James O'COnnOr v. Consolidated Coin Caterers Corporation, Equal Employment Opportunity Commission, Amicus Curiae

BUTZNER, Senior Circuit Judge,

concurring in part and dissenting in part:

I.

I reluctantly concur in the court’s conclusion that O’Connor cannot make out a prima facie ease of discrimination under the framework set out in McDonnell Douglas Corp. v. Green, 411 U.S. 792, 93 S.Ct. 1817, 36 L.Ed.2d 668 (1973), because he was not replaced by someone outside the protected class.

This circuit’s version of the McDonnell Douglas formula requires an ADEA plaintiff to demonstrate that he was replaced by someone outside the protected age group. See, e.g., EEOC v. Clay Printing Co., 955 F.2d 936, 943 (4th Cir.1992); EEOC v. Western Elec. Co., 713 F.2d 1011, 1015 (4th Cir.1983). These cases compel my concurrence.

Such an absolute requirement, however, has no justification in law or policy. The Age Discrimination in Employment Act, 29 U.S.C. § 621 et seq., states that its objective is “to prohibit arbitrary age discrimination.” 29 U.S.C. § 621(b). The Act contains no language permitting employers to favor a younger employee over an older one on the basis of age simply because the younger employee is within the protected age group.
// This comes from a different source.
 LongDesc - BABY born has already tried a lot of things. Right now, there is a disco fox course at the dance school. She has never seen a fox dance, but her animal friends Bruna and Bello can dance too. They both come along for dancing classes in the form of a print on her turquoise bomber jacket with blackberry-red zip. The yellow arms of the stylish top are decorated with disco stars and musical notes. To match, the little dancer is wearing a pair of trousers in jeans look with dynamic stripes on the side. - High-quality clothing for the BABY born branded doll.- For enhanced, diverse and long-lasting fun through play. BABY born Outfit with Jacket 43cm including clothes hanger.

As a method of proof, the McDonnell Douglas paradigm was “not intended to be rigid, mechanistic or ritualistic.” Furnco Constr. Co. v. Waters, 438 U.S. 567, 577, 98 S.Ct. 2943, 2949, 57 L.Ed.2d 957 (1978). The age of a replacement employee should be a relevant, but not dispositive, factor for a court to consider when deciding whether the plaintiff has established a prima facie case under the McDonnell Douglas framework.

*551Most other circuits take this approach and observe that a plaintiff need only show he was replaced by someone younger, whether outside or within the protected age group. See Freeman v. Package Machinery Co., 865 F.2d 1331, 1335 n. 2 (1st Cir.1988); Haskell v. Kaman Corp., 743 F.2d 113, 122 (2d Cir.1984); Maxfield v. Sinclair Int'l, 766 F.2d 788, 792-93 (3d Cir.1985); Bienkowski v. American Airlines, 851 F.2d 1503, 1506 (5th Cir.1988); Kralman v. Illinois Dep’t of Veterans’ Affairs, 23 F.3d 150, 153-56 (7th Cir.1994); Rinehart v. City of Independence, 35 F.3d 1263, 1265-66 (8th Cir.1994); Douglas v. Anderson, 656 F.2d 528, 531-33 (9th Cir.1981); Cooper v. Asplundh Tree Expert Co., 836 F.2d 1544, 1547 (10th Cir.1988); Carter v. City of Miami, 870 F.2d 578, 582-83 (11th Cir.1989); Cuddy v. Carmen, 694 F.2d 853, 857 (D.C.Cir.1982); see also Lovelace v. Sherwin-Williams Co., 681 F.2d 230, 237 n. 5 (4th Cir.1982) (dictum). But see LaPointe v. United Autoworkers Local 600, 8 F.3d 376, 379 (6th Cir.1993) (requiring plaintiff to show that replacement was outside protected age group).

II.

I respectfully dissent from the court’s conclusion that, under ordinary standards of proof, O’Connor failed to raise an inference of discrimination. An ADEA plaintiff may prevail on a discrimination claim by demonstrating, through direct or circumstantial evidence, that but for an employer’s motive to discriminate on the basis of age the plaintiff would not have been discharged. Clay Printing, 955 F.2d at 940; Lovelace, 681 F.2d at 239.

O’Connor has presented sufficient evidence of discriminatory motive to survive summary judgment. He testified in his deposition that Ed Williams, his supervisor, told him two weeks before his discharge, “O’Connor, you’re too damn old for this kind of work.” Williams denied making this statement.

Additionally, in his postjudgment motion, O’Connor provided the court with the affidavit of Phillip Dennis, who was a coworker of O’Connor. In his affidavit Dennis states that Williams told him Ted Arts, Williams’s boss, had ordered Williams to fire O’Connor. When Dennis asked why O’Connor was fired, Williams responded “that all of us were getting old, that Jim [O’Connor] was getting old.” Because this affidavit was not reasonably available earlier, I believe the district court should not have rejected it.

These statements create a genuine issue of material fact that should be decided at trial. See Anderson v. Liberty Lobby, Inc., 477 U.S. 242, 248, 106 S.Ct. 2505, 2510, 91 L.Ed.2d 202 (1986). A jury could reasonably infer from Williams’s statement or from the information contained in the Dennis affidavit that age was the determining factor in O’Connor’s discharge. Because a trier of fact should determine O’Connor’s claim, I would vacate the judgment of the district court and remand for a full evidentiary hearing.